Publishers Weekly shares panels from Remember Us to Life: A Graphic Memoir by Joanna Rubin Dranger (Ten Speed).

In NYT, Leigh Bardugo offers a list of “Fantasy Novels for People Who Think They Don’t Like Fantasy.”

LitHub recommends “Five Books That Explore Motherhood, Intention, and Desire.”

People celebrates National Library Week with a reading list of librarians turned authors.

CrimeReads lists decaying settings in fiction.

Kirkus has a list of “20 books you might have missed (but shouldn’t).”

Reactor gathers all the new science fiction books arriving in April.

Authors on Air

Kirkus’s Fully Booked podcast interviews Edna Bonhomme, author of A History of the World in Six Plagues: How Contagion, Class, and Captivity Shaped Us, from Cholera to COVID-19 (Atria/One Signal).

LitHub’s Fiction/Non/Fiction podcast talks to Sheila Sundar, author of Habitations (S. & S.).

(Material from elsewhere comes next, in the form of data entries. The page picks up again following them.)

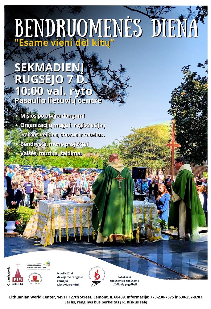 We invite everyone to the most beautiful community event of the year. This is the one day of the year for everyone to be together! There will be an outdoor Mass, an organization fair and registration for Lithuanian activities and clubs, a family sports festival, refreshments, games, and more.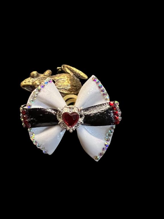 NOEUD BRILLANT SEMI RIGIDE NOUVEAUX - blanc et noir coeur rouge N° 8 bis 5 cms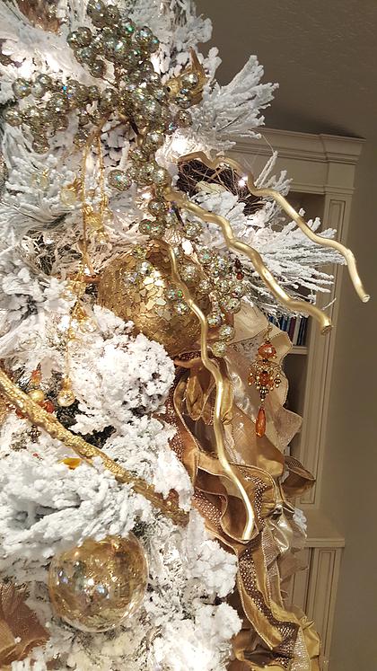 These ornaments were red and some were brown. They are all now beautifully gold on this amazing flocked tree. Don’t they look dreamy? Ok so start by laying down some cardboard or plastic so you don’t get paint on your garage floor. Next, grab a can of Krylon metallic gold spray paint. Use a back and forth motion. Don’t just spray all over the place like its hair spray (Im making a youtube tutorial on my technique and I will post soon). You may want to invest in a spray paint can grip handle. Its only a few dollars and it fits right on top of your spray paint nozzle. It will save your finger from dying while pushing the nozzle the whole time. WORTH IT! These ornaments weren’t even primed first. Just use nice even strokes back and forth with the gold spray paint. Let the area you paint on the ornament dry. Once it is dry then roll it over to the side that didn’t get paint and cover it with spray paint. Once it is nice and dry (12 to 24 hours) , you can place them on your tree. And just like that, you have brand new color scheme for Christmas while only buying some spray paint. Also if you want to add some glitter while the spray paint is wet (it will dry and the glitter will stick) on the ornament; it will look great too!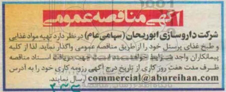 شرکت داروسازی ابوریحان ( سهامی عام ) در نظر دارد مواد غذایی و طبخ غذای پرسنل خود را از طریق مناقصه عمومی واگذار نماید . لذا از کلیه پیمانکاران واجد شرایط خواهشمند است جهت دریافت اسناد مناقصه ظرف مدت هفت روز کاری از تاریخ درج آگهی روزمه کاری خود را به آدرس commercial@bureihan.com ارسال نمایند.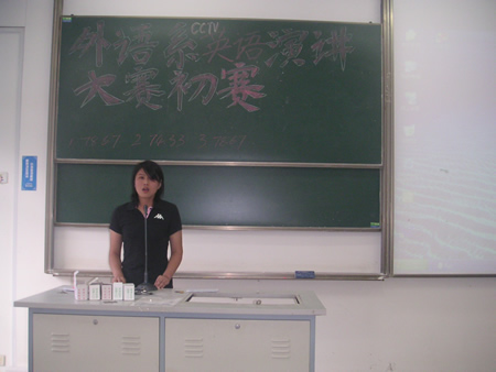 首先,李炯英教授发表了简短讲话并且宣布比赛开始。比赛过程中,选手们自信而又精彩的演讲引来台下阵阵掌声。尤其值得一提的是今年大一的新同学参加人数最多,充分显示了他们“初生牛犊不怕虎”的精神面貌。

Today, NPR’s All Things Considered will speak with Mark Hoppus, Fahrenheit-182: A Memoir (Dey Street), while Fresh Air will talk to Gardiner Harris, author of No More Tears: The Dark Secrets of Johnson & Johnson (Random; LJ starred review).

Shelf Awareness rounds up the schedule for this weekend’s Book TV on C-SPAN 2.